ANSWER:-
A).
Saltwater boils Hotter.
B).
Saltwater will not boil faster. Salt increases the waters
boiling point (above 100 degree celcius) or increases the
temparature in order to boil the water. The saltwater solution
needs more heat to get hot than a normal water. The time it takes
to boil the saltwater increases slightly. So even if the saltwater
may be hotter, but it will not boil any faster.
C).
When salt is added to the water, it makes harder for the water
molecules to escape from the pot and enters the gas phase. The
water molecules enters the gas phase only when the water boils.
This gives the salt water a highehr boiling point and lower the
specific heat. These changes actuallywork against each other.
Raising the boiling point will slower the time of boiling. If we
try to get higher temparature that means more time on the
stove.
D).
Experiment:-
One pot is filled with one litre of salt water and other pot
with one litre plain water. After boiling the outcome is that
saltwater boiled at 215F while the plain water boiled at 210F.
- The hypothesis that is supported in this experiment is
'Saltwater boils hotter'.
- The reason is When you add salt to water, sodium chloride
diddociates into sodium and chlorine ions. These charged particles
alter the intermolecular forces between water molicules, there is
an ion-dipole interaction to consider: Every water molecule is a
dipole, which means one side (the oxygen side) is more negative and
the other side (the hydrogen side) is more positive.
- The positively charged sodium ions align with the oxygen side
of a water molecule, while the negatively charged chlorine ions
align with the hydrogen side.
- The ion-dipole interaction is stronger than the hydrogen
bonding between the water molecule, so more energy is needed to
move water away from the ions and into the vapor phase.
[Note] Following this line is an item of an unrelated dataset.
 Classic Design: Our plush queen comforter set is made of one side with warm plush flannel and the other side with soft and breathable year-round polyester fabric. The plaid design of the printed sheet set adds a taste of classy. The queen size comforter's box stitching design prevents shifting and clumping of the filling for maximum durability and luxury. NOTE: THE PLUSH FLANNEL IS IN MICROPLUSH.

- Even without a charged solute, adding particles to water raises
the boiling point because part of the pressure the solution exerts
on the atmosphere now comes from solute particles, not just solvent
(water) molecules.
- The water molecules need more energy to produce enough pressure
to escape the boundary of the liquid. The more salt (or any solute)
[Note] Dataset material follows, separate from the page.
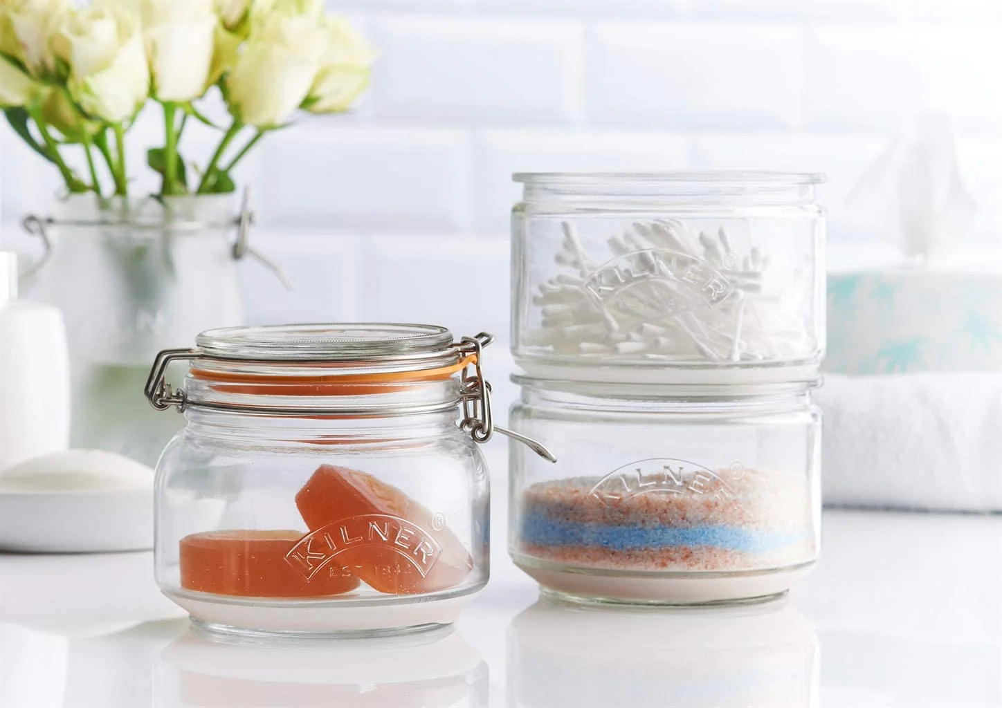 - TAMAÑO | El juego de frascos apilables Kilner incluye un frasco con tapa de clip de 0,9 litros y dos frascos con tapa a presión de 0,88 litros.

added to water, the more you raise the boiling point.
E).
- The hypothesis that is refuted here is 'saltwater boils faster'
because adding salt to water actually raises the boiling point of
the water, due to the phenomenon explained above but it also males
the waterboils faster.
- Adding any non-volatile solute to a liquid causes a decrease in
the liquid's vapour pressure.
- A liquid boils when the vapour pressure above it equals
atmospheric pressure, so a lower vapour pressure means you need a
higher temperature to boil the water.
- The real reason salt makes water boil faster has to do with
specific heat capacities, or the energy it takes to raise the
temperature of a substance,
- Salt ions dissolved in water bind to water molecules, holding
them stable and making it harder for them to move around.
- As a result, the non-salt bound water molecules receive more of
the energy provided by the stove, and boil quicker.
- So adding salt makes it take longer for the water to boil.